■ **Dataset section**:
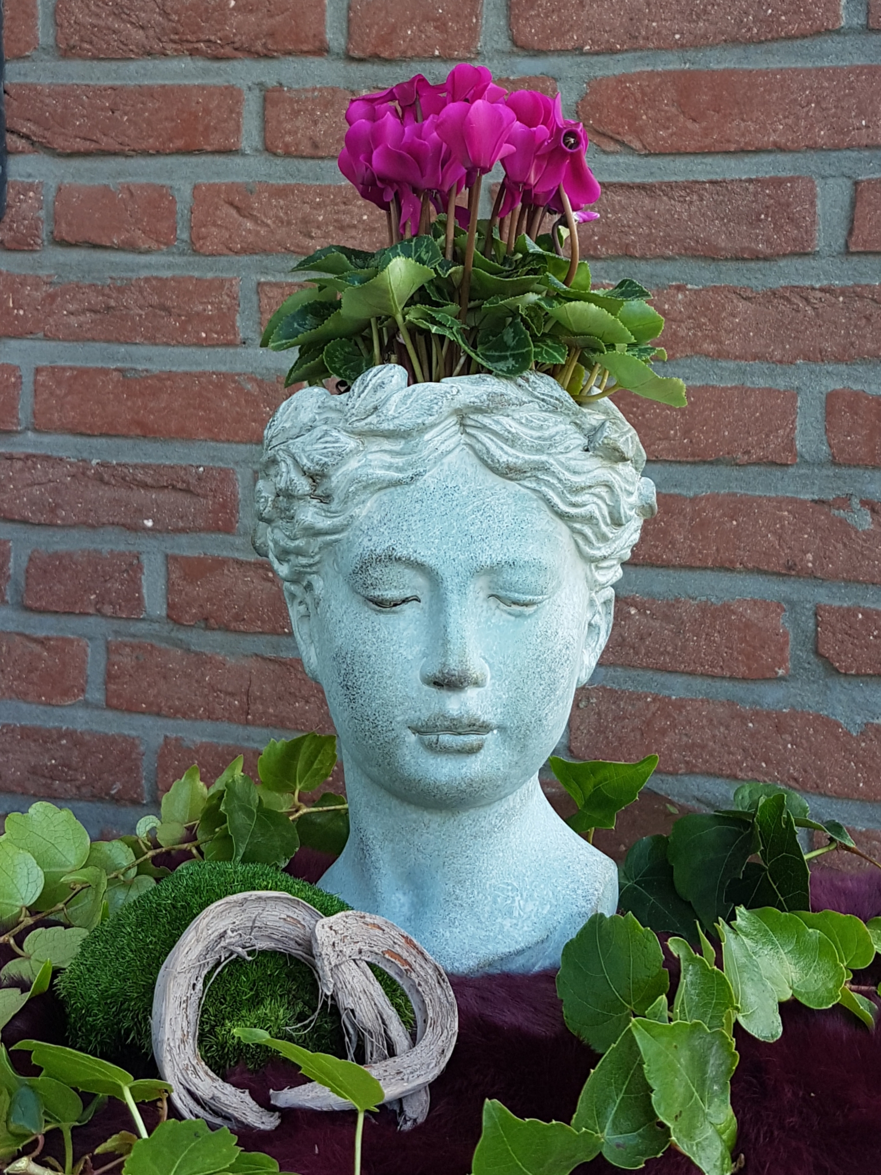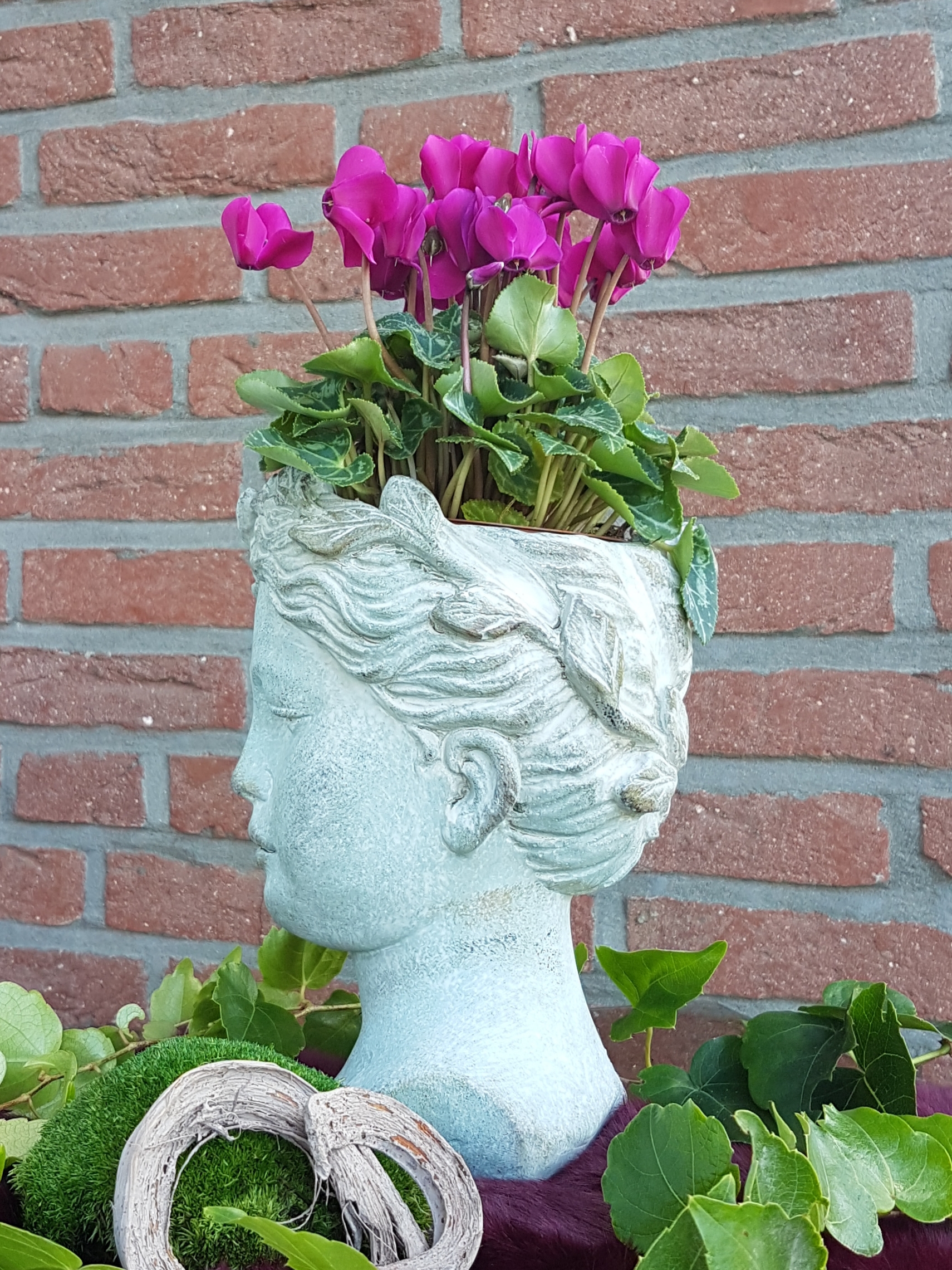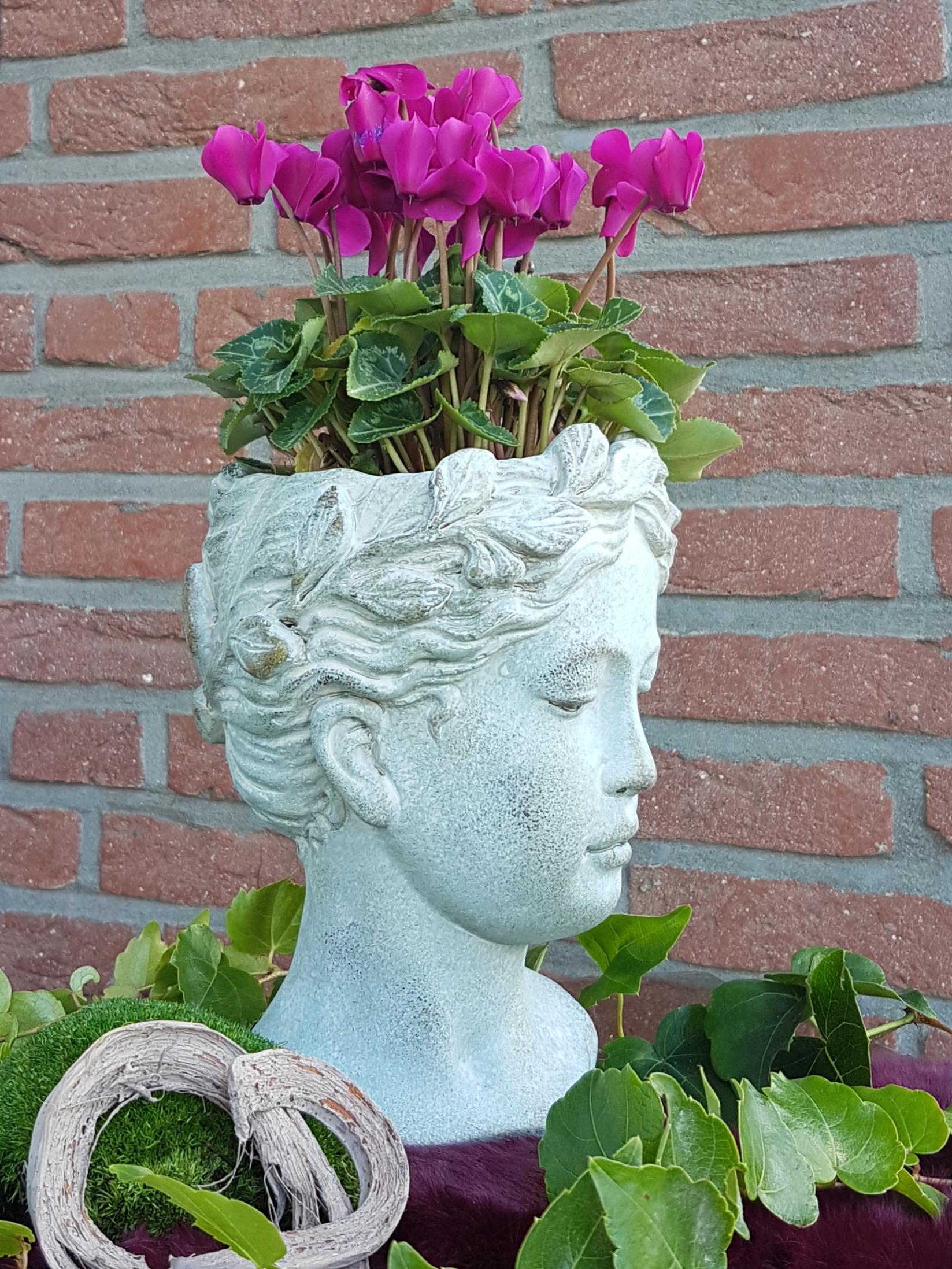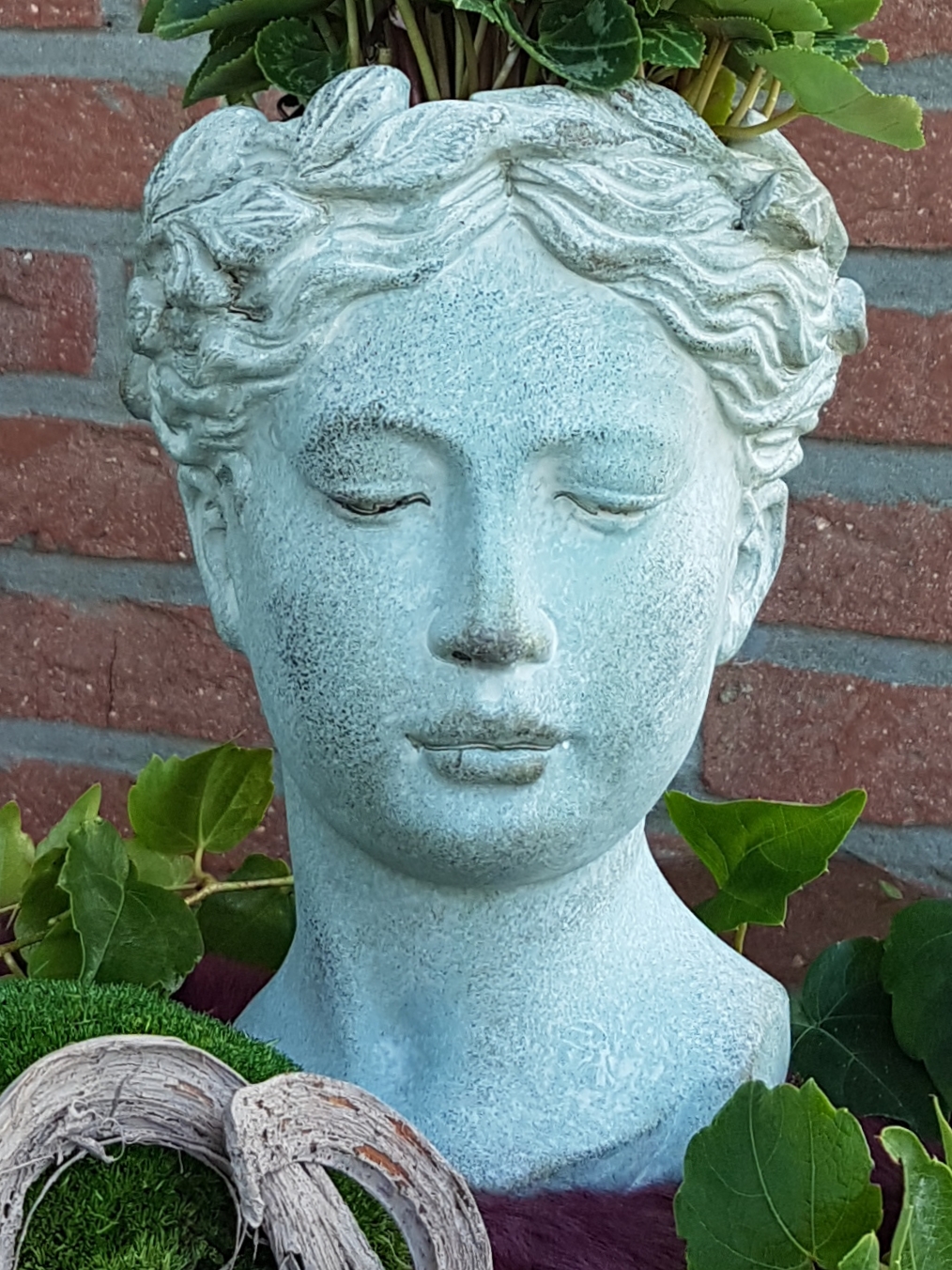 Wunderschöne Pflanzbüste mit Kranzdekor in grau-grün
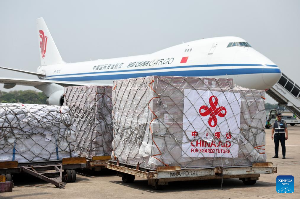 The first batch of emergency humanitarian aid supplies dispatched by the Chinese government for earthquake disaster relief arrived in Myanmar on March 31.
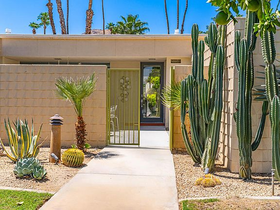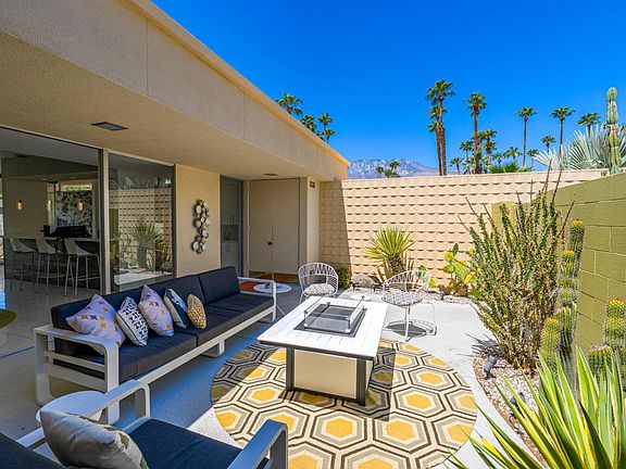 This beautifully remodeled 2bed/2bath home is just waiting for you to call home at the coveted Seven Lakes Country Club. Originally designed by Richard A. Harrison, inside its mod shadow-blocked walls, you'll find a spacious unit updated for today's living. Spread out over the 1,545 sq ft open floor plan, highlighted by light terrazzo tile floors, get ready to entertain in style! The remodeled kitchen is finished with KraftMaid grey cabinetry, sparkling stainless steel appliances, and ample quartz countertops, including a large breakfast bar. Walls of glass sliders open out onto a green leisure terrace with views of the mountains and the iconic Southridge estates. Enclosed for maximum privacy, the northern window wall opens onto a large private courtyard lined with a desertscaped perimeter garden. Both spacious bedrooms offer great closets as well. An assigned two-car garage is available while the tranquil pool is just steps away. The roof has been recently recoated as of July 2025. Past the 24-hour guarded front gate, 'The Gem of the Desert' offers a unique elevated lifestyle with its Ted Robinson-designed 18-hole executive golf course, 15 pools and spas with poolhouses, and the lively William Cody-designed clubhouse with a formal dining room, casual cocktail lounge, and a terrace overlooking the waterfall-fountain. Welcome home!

■ **What is being asked**: Exactly restate the lines from the beginning of the data through the line with "The first batch", and no others, keeping pictures out.

■ **Result for this task**:
 Wunderschöne Pflanzbüste mit Kranzdekor in grau-grün
 The first batch of emergency humanitarian aid supplies dispatched by the Chinese government for earthquake disaster relief arrived in Myanmar on March 31.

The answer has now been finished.